从一个简单的html页面调用php页面,我无法找到语法错误 这是html
<html>
<body style="background-color:#990000;">
<h5 align="center" style="font-family:tahoma;color:white;font-size:50px;"> Welcome! </h5>
<form align="center" method="post" action="php_site.php">
First name: <input type="text" name="firstname"><br>
Last name: <input type="text" name="lastname"><br>
<input type="submit" value="Search!">
</form>
</body>
</html>
这是php
<?php
if (isset($_POST['firstname']) && (isset($_POST['lastname'])))
{
echo "Welcome $_POST['firstname']";
echo "This is your last name $_POST['lastname']";
}
else
{
echo "This is Empty!";
}
?>
谢谢!
答案 0 :(得分:4)
字符串中对$ _POST的嵌入式引用的语法不太对。
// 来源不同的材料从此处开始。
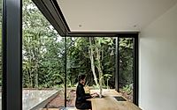 The Gu House is a house located in West Vancouver, Canada, designed in 2020 by splyce design. The residence follows a facade of contrasting black stained cedar cladding and white fiber cement panels. Formed in a faceted “C” shape, it creates an interior courtyard for the family while shielding them from noise and views from a nearby highway. The sheltering facade opens to the interior with one large, double height window in the vaulted kitchen space.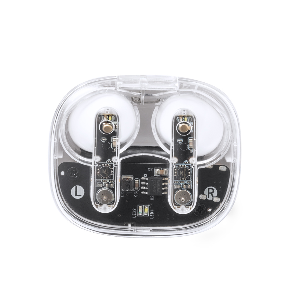 Oortelefoon in opvallend transparant design. Bluetooth® 5.3-verbinding en lange batterijduur. Ergonomisch ontworpen, met geïntegreerde aanraakbedieningsknop op de headset, bijpassende oplaadbasis en oplaadstatusindicatoren. Handsfree functie. Oplaadpoort met Type-C-ingang (kabel meegeleverd). Gepresenteerd in individuele kraft designdoos en gerecyclede zak.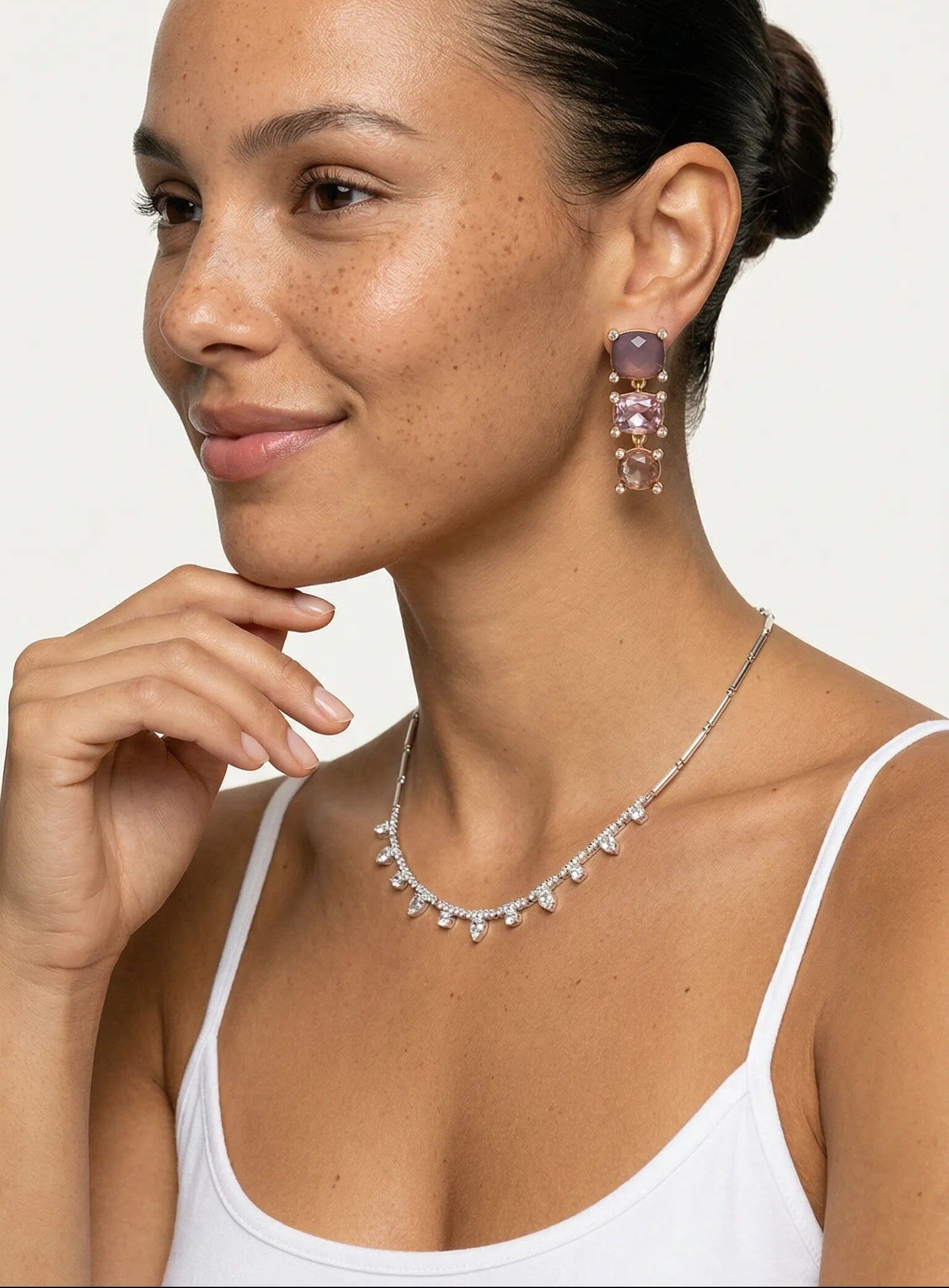 Station Front Necklace – Silver Crystal

解决问题的一些方法是:
将它们包裹在{}括号中:
echo "Welcome {$_POST['firstname']}";
echo "This is your last name {$_POST['lastname']}";
或者,删除单引号:
echo "Welcome $_POST[firstname]";
echo "This is your last name $_POST[lastname]";
或者,使用字符串连续与.而不是嵌入:
echo "Welcome " . $_POST['firstname'];
echo "This is your last name " . $_POST['lastname'];
和/或,首先将值拉入普通命名变量:
$firstname = $_POST['firstname'];
$lastname = $_POST['lastname'];
echo "Welcome $firstname";
echo "This is your last name $lastname";
请参阅variable parsing in strings上的文档。
答案 1 :(得分:1)
试试这个:
<?php
if (isset($_POST['firstname']) && isset($_POST['lastname']))
{
echo "Welcome ".$_POST['firstname'];
echo "This is your last name ".$_POST['lastname'];
}
else
{
echo "This is Empty!";
}
?>
答案 2 :(得分:0)
<?php
if (isset($_POST['firstname']) && isset($_POST['lastname']) )
{
echo "Welcome ".$_POST['firstname'];
echo "This is your last name $_POST['lastname']";
}
else
{
echo "This is Empty!";
}
?>
答案 3 :(得分:0)
首先,您应该将$_POST值设置为变量。
$firstname = $_POST['firstname'];
$lastname = $_POST['lastname'];
然后,确保使用串联标点.从变量中拆分字符串:
echo "Welcome" . $firstname;代替echo "Welcome $_POST['firstname']";
另外,请发布您获得的语法错误。如果PHP破解(白屏死机),请添加ini_set("display_errors", "1");以便将错误写入屏幕,然后发布错误输出。